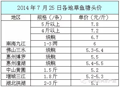 2014年7月25日,佛山地区生鱼塘头收购价如下:
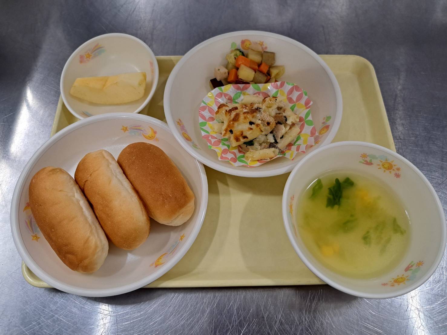 🎉誕生会メニューの紹介“1月”🎉 2026年02月18日 1月の誕生会メニューは、冬らしく「マカロニグラタン」にしました♪ 幼児さんはカラフルなカップに入れて提供したところ、とっても喜んでくれました😊いつもよりちょっと特別な演出をすることが大切だなぁと改めて感じることができました! おやつの誕生ケーキは、旬のミカンをジャムにして作りました🍊みんな美味しく食べていましたよ😋✨ 【お昼】 ・ロールパン ・マカロニグラタン ・彩り野菜のスープ ・洋風スープ ・りんご 【おやつ】 ・牛乳 ・誕生日ケーキ
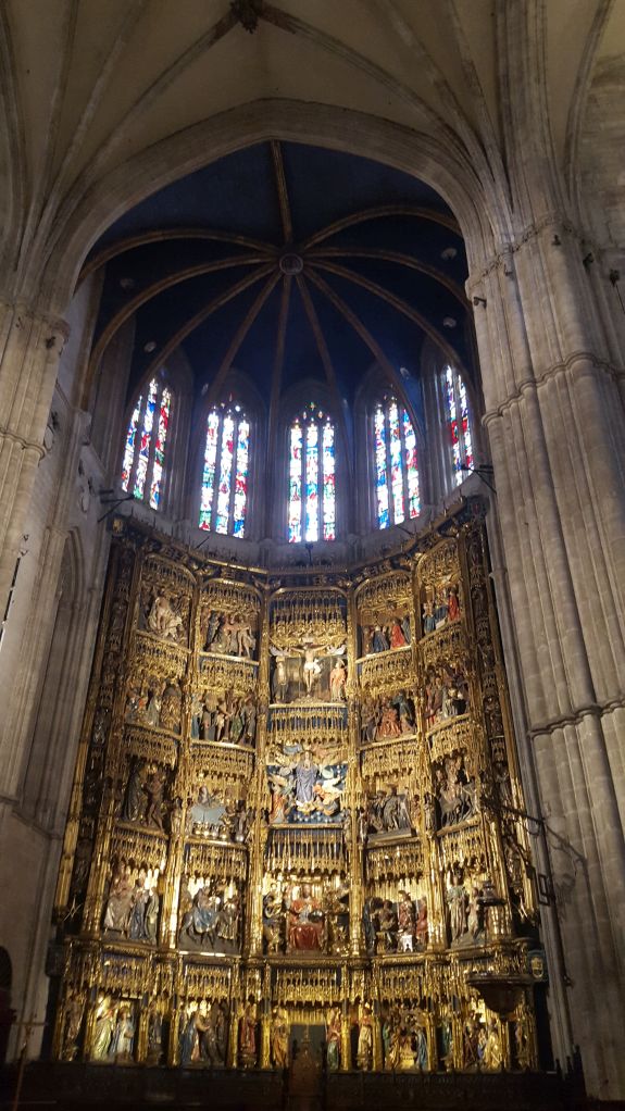 En el interior podemos ver entre otras muchas maravillas; el Retablo Mayor, de estilo hispano-flamenco, el Cristo de Velarde, de Berruguete y la Capilla del Rey Casto en donde se encuentra el Panteón de Reyes.
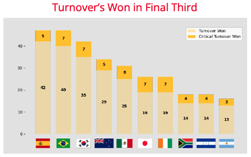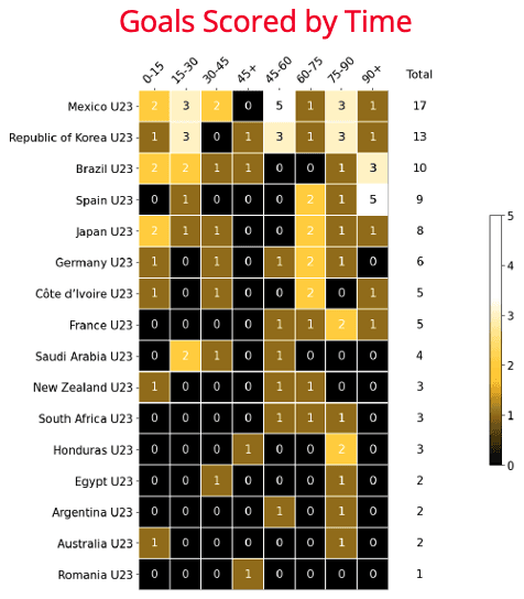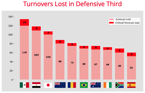 By also considering turnovers high up the pitch we can get an idea of how much pressure a team is putting on their opposition. Spain, Brazil and South Korea lead here, indicating that they both play high up the pitch and work to gain possession in the final third. These three teams also played the highest proportion of their passes in the final third of all teams at Tokyo 2020.
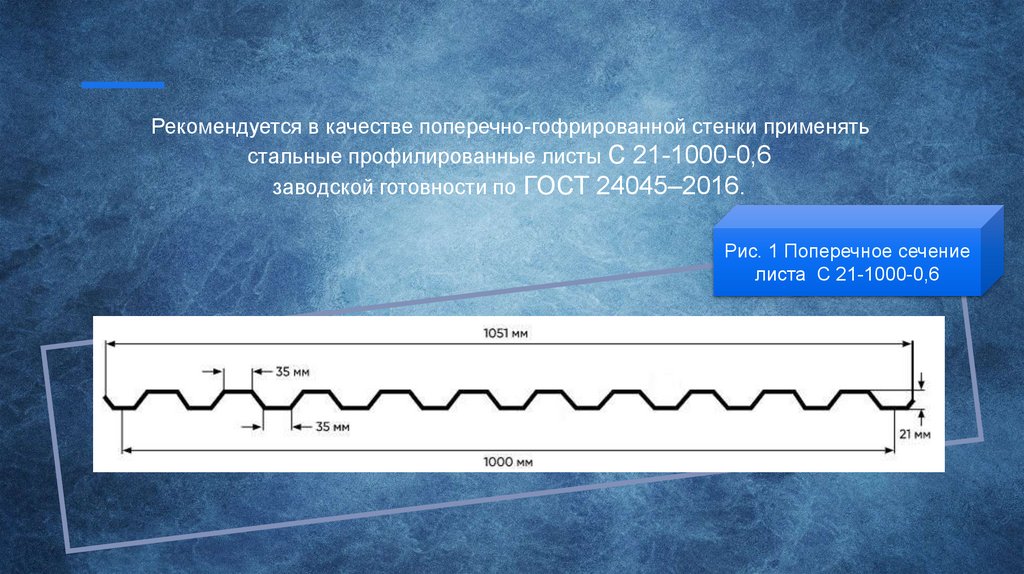 Рекомендуется в качестве поперечно-гофрированной стенки применятьстальные профилированные листы С 21-1000-0,6
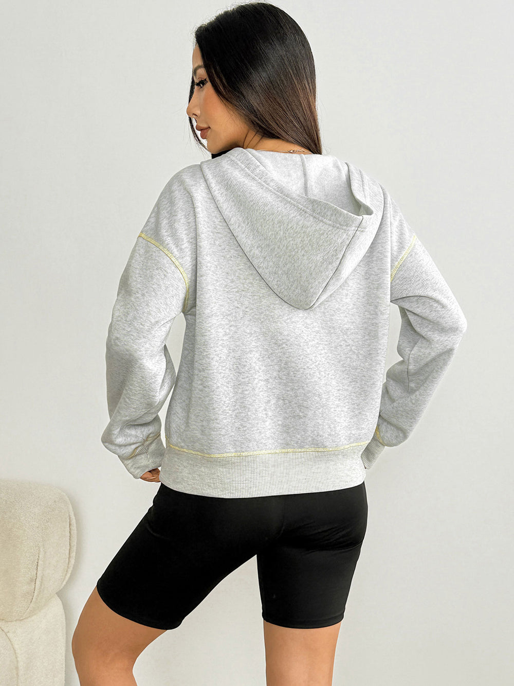 Grey Full sleeve front zip hooded jacket
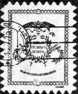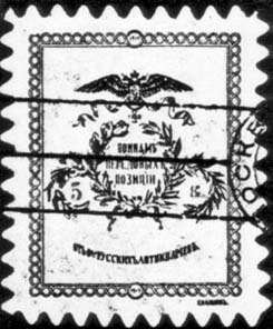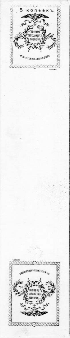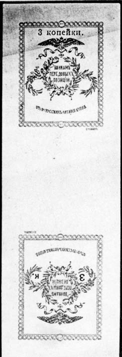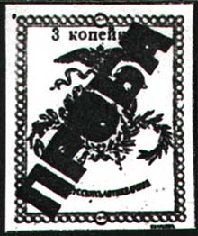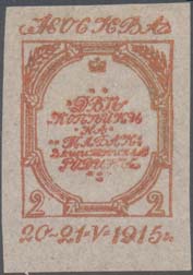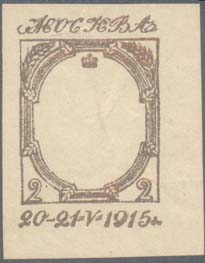 1914 г. Разм. 32 х 39 мм. Одноцветная печать на белой бумаге. Зубц. 11 1/2 и Б.З. Орел с георгиев-ским крестом, ниже венок, в центре которого текст в три строки: «Воинам передовых позиций». Ниже полукругом текст: «От Общества Русских Антиквариев». Номинал над орлом. Тип I – высота цифр номинала 2,5 мм. Тип II – высота цифр номинала 2 мм.

■ PROMPT
Reproduce the full material exactly, excluding the pictures.

■ OUTPUT FOR THIS EXERCISE
 2014年7月25日,佛山地区生鱼塘头收购价如下:
 🎉誕生会メニューの紹介“1月”🎉 2026年02月18日 1月の誕生会メニューは、冬らしく「マカロニグラタン」にしました♪ 幼児さんはカラフルなカップに入れて提供したところ、とっても喜んでくれました😊いつもよりちょっと特別な演出をすることが大切だなぁと改めて感じることができました! おやつの誕生ケーキは、旬のミカンをジャムにして作りました🍊みんな美味しく食べていましたよ😋✨ 【お昼】 ・ロールパン ・マカロニグラタン ・彩り野菜のスープ ・洋風スープ ・りんご 【おやつ】 ・牛乳 ・誕生日ケーキ
 En el interior podemos ver entre otras muchas maravillas; el Retablo Mayor, de estilo hispano-flamenco, el Cristo de Velarde, de Berruguete y la Capilla del Rey Casto en donde se encuentra el Panteón de Reyes.
 By also considering turnovers high up the pitch we can get an idea of how much pressure a team is putting on their opposition. Spain, Brazil and South Korea lead here, indicating that they both play high up the pitch and work to gain possession in the final third. These three teams also played the highest proportion of their passes in the final third of all teams at Tokyo 2020.
 Рекомендуется в качестве поперечно-гофрированной стенки применятьстальные профилированные листы С 21-1000-0,6
 Grey Full sleeve front zip hooded jacket
 1914 г. Разм. 32 х 39 мм. Одноцветная печать на белой бумаге. Зубц. 11 1/2 и Б.З. Орел с георгиев-ским крестом, ниже венок, в центре которого текст в три строки: «Воинам передовых позиций». Ниже полукругом текст: «От Общества Русских Антиквариев». Номинал над орлом. Тип I – высота цифр номинала 2,5 мм. Тип II – высота цифр номинала 2 мм.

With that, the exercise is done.